Non tutte le discipline riescono a brillare pienamente: alcune, come ad esempio il Ping Pong, soffrono del mancato supporto al Motion Plus, risultando a volte banali (questo vale soprattutto per il Beach Volley, che propone un ventaglio di azioni piuttosto limitato) o poco precise nel riconoscere come dovrebbero i movimenti del nostro controller; tuttavia le sfide disponibili sono talmente variegate che difficilmente rischierete di annoiarvi. Quasi ogni disciplina ufficiale è stata dotata di una modalità alternativa definita “Eventi Sogno”, in cui sostanzialmente verremo catapultati in stage fantasiosi o ripresi dai mondi di Mario e Sonic: il salto in lungo ci porta a volare tra le nuvole, l’equitazione vede un carro di uova di Yoshi da portare in salvo a destinazione, la corsa passa dai campi di atletica alle distese di un enorme flipper; non mancano poi citazioni ai mondi dei due protagonisti, con anelli d’oro da raccogliere e un viaggio spaziale che non può non ricordarci Super Mario Galaxy.
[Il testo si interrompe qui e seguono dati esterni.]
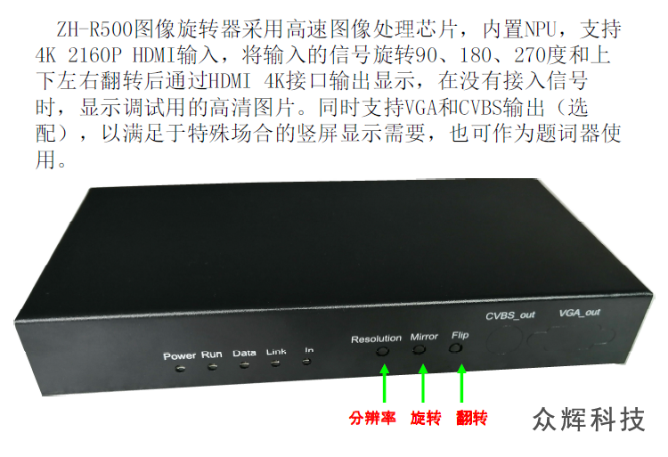 此款為ZH-R400的升級(jí)高端版本ZH-R500,此版本為全新發(fā)售,Linux嵌入式系統(tǒng),支持NPU,全按鍵操作,自動(dòng)記憶,自帶測(cè)試底圖,沒(méi)有信號(hào)接入時(shí)也可以調(diào)試,輸入輸出分辨率可以設(shè)置為1080P和2160P。支持上下左右鏡像,可做為題詞器使用。彌補(bǔ)之前版本分辨率低,顯示文字不清楚的問(wèn)題,如果對(duì)顯示要求不高,價(jià)絡(luò)敏感的用戶也可以選擇ZH-R100 如果輸入不要求4K,可能選擇1080P輸入的ZH-R400,如果喜歡安卓系統(tǒng)可以選擇ZH-R300。

L’ultima modalità è stata appositamente realizzata per le sessioni di gioco a più giocatori: “Sfide Londinesi” riprende non troppo velatamente l’idea di fondo di Mario Party, e ci catapulta, scelto un alter-ego, tra le strade di una Londra in miniatura, che svolge il ruolo di tabellone. L’obiettivo è riempire prima degli avversari il vostro album, utilizzando le figurine che guadagnerete trionfando ai vari mini giochi a cui andrete incontro. Per avviare un mini game basta raggiungere uno dei personaggi degli universi Mario e Sonic che vagano tra i vicoli londinesi (chi per primo raggiunge un personaggio guadagna un piccolo bonus). Le varie sfide possono essere eventi tratti dalla modalità principale o bonus stage come la raccolta di anelli d’oro ad Hyde Park. Seguendo alla lettere la filosofia dei party game, la maggior parte del divertimento si concentra più fuori che dentro lo schermo: sfido a non godervi la reazione del vostro avversario mentre gli trafugate la metà delle figurine faticosamente raccolte.
Mario e Sonic alle Olimpiadi di Londra 2012 non tradisce l’esperienza dei due giochi precedenti, e sicuramente non ne sarete delusi se avete avuto l’occasione di provare un titolo della serie. Mentre non sembra fare grandi salti in avanti in termini di novità (vedi il mancato supporto al Motion Plus), Mario e Sonic non delude quando punta a divertire in compagnia (sempre affiancato da un sano spirito di sfida), catapultando i giocatori in situazioni esilaranti e costringendoli letteralmente ad assumere posizioni improbabili. Un ottimo party game che perde qualcosa se giocato in solitaria: da godersi assolutamente tra amici, insomma.